Freeze and evolve


Updating The Chilling Stars and Magic Universe

When cosmic rays freeze the world, you’d better evolve

2100 million year-old multicellular fossil found in Gabon. Image: Kaksonen CNRS

Transforming the story of life on the Earth is a report in Nature today about multicellular creatures more than 2 billion years old, at a time when single-celled bacteria supposedly reigned supreme. Fossils you can pick up with your fingers, found in Gabon, West Africa, are far, far older than the multicellular animals that become detectable about 600 million years ago (Ediacaran period) and conspicuous 542 million years in the “Cambrian explosion”. The age is fixed with remarkable precision at 2070 to 2130 million years.
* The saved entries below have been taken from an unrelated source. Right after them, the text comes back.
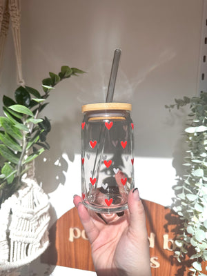 Little red hearts cup, coffee drinker cup, little red hearts glass cup with bamboo lid, resizable glass coffee cup, cold brew cup
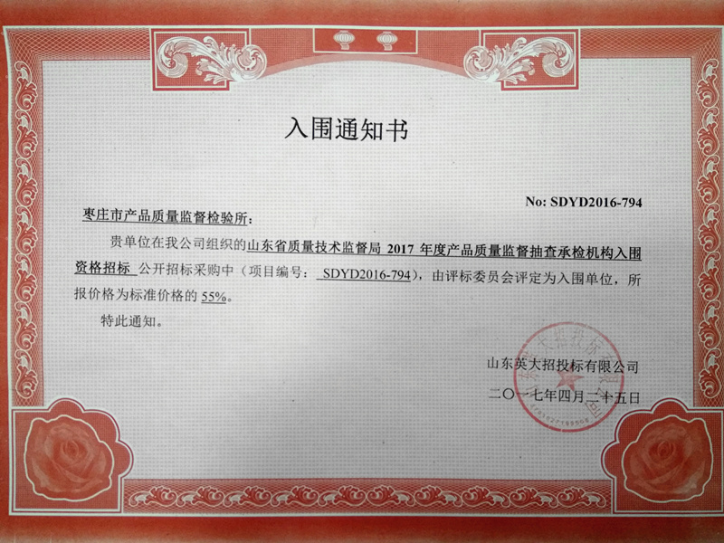 经过前期的精心准备,近日,潍坊市产品质量监督检验所成功入围山东省质量技术监督局2017年度产品质量监督抽查承检机构,并领取了《入围通知书》。此次招标是山东省质量技术监督局首次在全国范围内公开、透明、不设地域限制的择优选择承担山东省内产品质量监督抽查的技术机构。
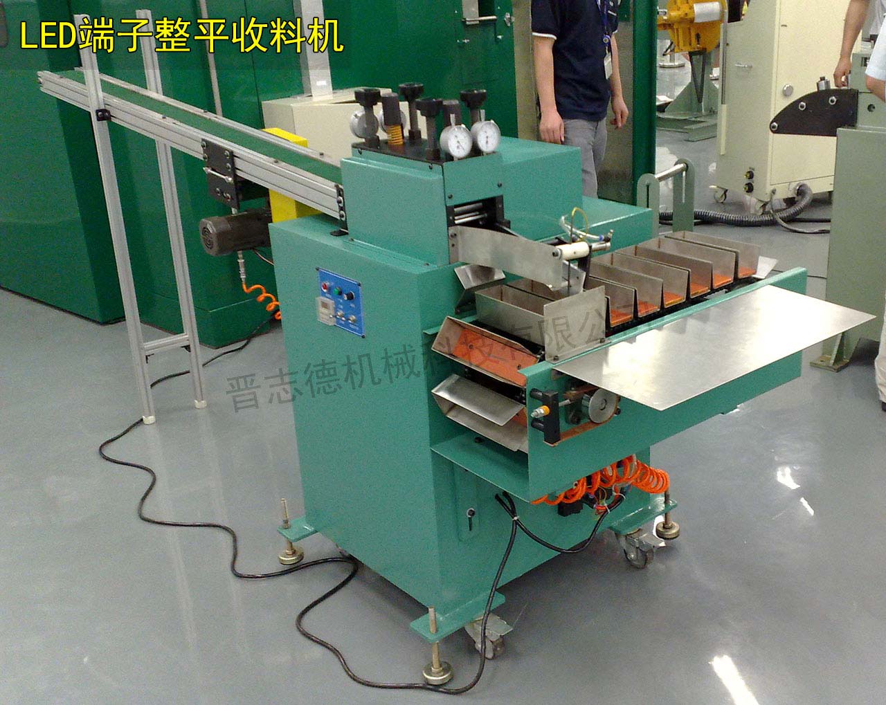 晉志德LED端子整平收料機由輸送帶、整平裝置、收料裝置三部分組成,由連續模所沖制的略彎端子、半導體、LED、電晶體等電子元件類的支架經由輸送帶輸送進入整平機的上下滾壓輪間,經整平后的電子元件類支架再由收料裝置予以計數收料、堆疊,堆疊一定數目后可自動移送以供取出,整平收料速度能達30片/min,大了滿足了端子廠整平收料之需求。
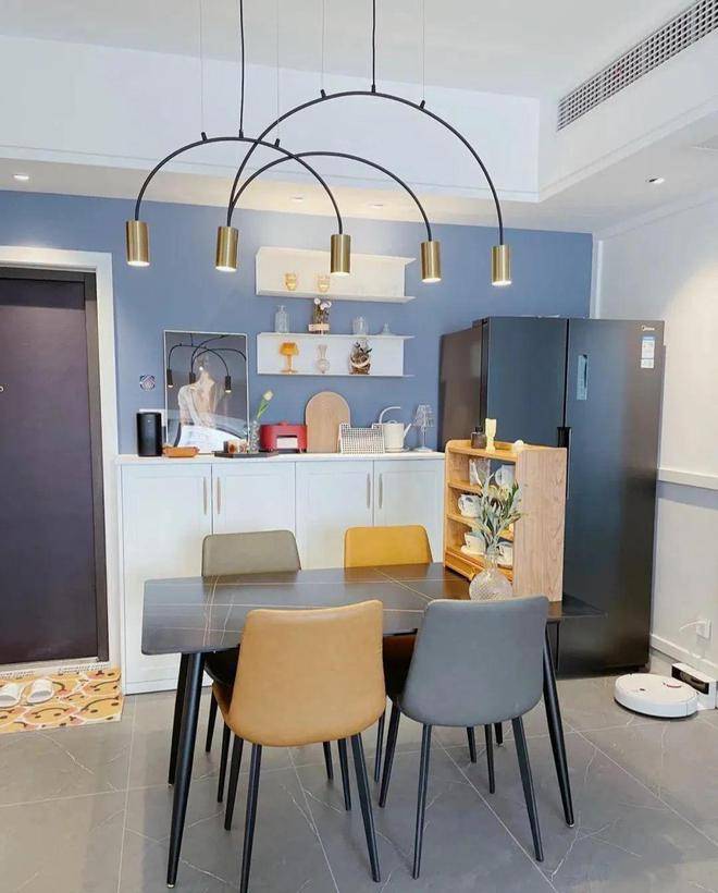 餐厅里面,灰色岩板餐桌与地面颜色相互呼应着,整体感很强,视觉很和谐,搭配灰色和棕色餐椅,既高级又温暖,加上两盏弧形黄铜吊灯点缀,精致极了,整个用餐环境的格调都被提升了不少,鞋柜旁边提前留出了摆放冰箱的位置,整洁不突兀,还为厨房节省了不少空间。

Exterior and interior of a fossil imaged by micro-tomography. Image: El Albani & Mazurier, CNRS

A team of 21 experts from France, Sweden, Denmark, Canada, Germany and Belgium make the report. The lead author is Abderrazak El Albani, at the University of Poitiers, France. He tells Agence France Press that “More than 250 specimens have been found so far. They have different body shapes, and vary in size from one to 12 centimetres.”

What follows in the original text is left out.